BCE_5065 participates in electron transfer processes through a distinctive mechanism compared to other reductases in B. cereus, particularly in terms of substrate specificity and electron flow directionality. While thioredoxin reductase (TrxR) primarily transfers electrons from NADPH to thioredoxins containing disulfide bonds, BCE_5065 specializes in mediating electron transfer between ferredoxins and NADP+ . Research on related TrxR-like FNRs in B. cereus has shown significant differences in catalytic efficiencies and turnover rates among different FNR-Fld/NrdI pairs, with FNR2 demonstrating the highest turnover number in the activation of NrdI in class Ib RNR . BCE_5065, as Ferredoxin--NADP reductase 2, likely exhibits electron transfer properties that are optimized for its specific physiological role. The absence of the CXXC catalytic motif in BCE_5065, which is essential for disulfide reductase activity in TrxR, structurally explains why it cannot effectively reduce thioredoxin substrates . Instead, BCE_5065 contains specific residues that facilitate interaction with iron-sulfur cluster-containing ferredoxins, enabling efficient coupling of ferredoxin oxidation with NADP+ reduction. This functional specialization allows BCE_5065 to contribute to distinct electron transfer pathways within the complex redox network of B. cereus.

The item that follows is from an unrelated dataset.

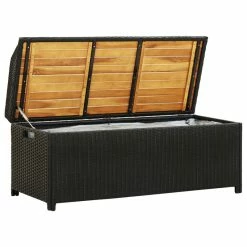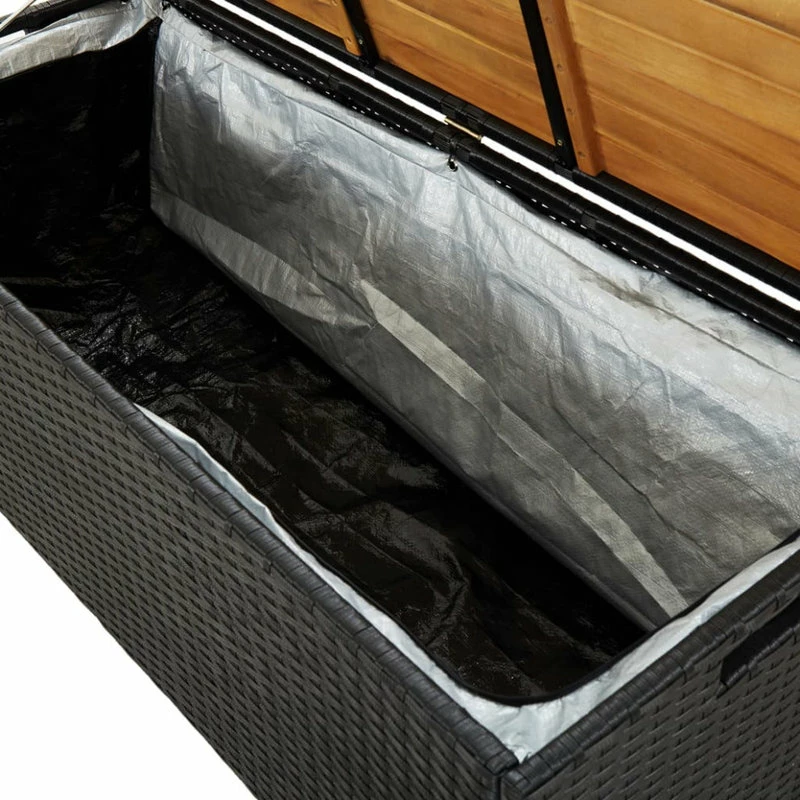 Are you looking for an attractive and versatile patio storage solution? Then this poly rattan storage bench is an ideal choice for you! Designed with a spacious trunk, it is big enough to store garden items like: furniture cushions, pillows, extra blankets, pool toys and gardening supplies. This patio bench is constructed from poly rattan, solid acacia wood slats and steel frame, which is durable and weather resistant for years of reliable use. It has a lining, which will protect the contents from dust and moisture. Thanks to the elevated feet, this outdoor bench ensures well air circulation underneath and keeps essentials dry and clean. It is easy to wipe clean with damp cloth. The patio storage bench is easy to assemble. Note: Please cover the pillow box with waterproof cloth/material to prevent rain from entering the box if it rains.

What cofactors are required for BCE_5065 activity and how do they influence catalytic efficiency?

BCE_5065 requires specific cofactors for optimal catalytic activity, with FAD serving as the primary prosthetic group that mediates electron transfer between ferredoxin and NADP+ . The FAD molecule binds tightly within the FAD-binding domain of BCE_5065, where it undergoes reduction and oxidation cycles during catalysis. NADP+ acts as the terminal electron acceptor, binding to the NADPH-binding domain of the enzyme in an orientation that facilitates hydride transfer from the reduced FAD . The interaction between these cofactors significantly influences the catalytic efficiency of BCE_5065, with optimal electron transfer requiring precise alignment of the nicotinamide ring of NADP+ with the isoalloxazine ring of FAD. Studies of related reductases in B. cereus have revealed that asymmetric binding of NADPH can occur, suggesting a potential half-of-the-sites reactivity mechanism that may also apply to BCE_5065 . Metal ions such as Mg2+ or Ca2+ may play auxiliary roles in stabilizing the binding of NADP+ and influencing the enzyme's conformational dynamics during catalysis. The binding affinity of BCE_5065 for its cofactors likely affects its response to changes in the cellular redox state, allowing for regulation of its activity based on the availability of NADP+ and the redox state of ferredoxin partners.

What expression systems yield optimal production of recombinant BCE_5065?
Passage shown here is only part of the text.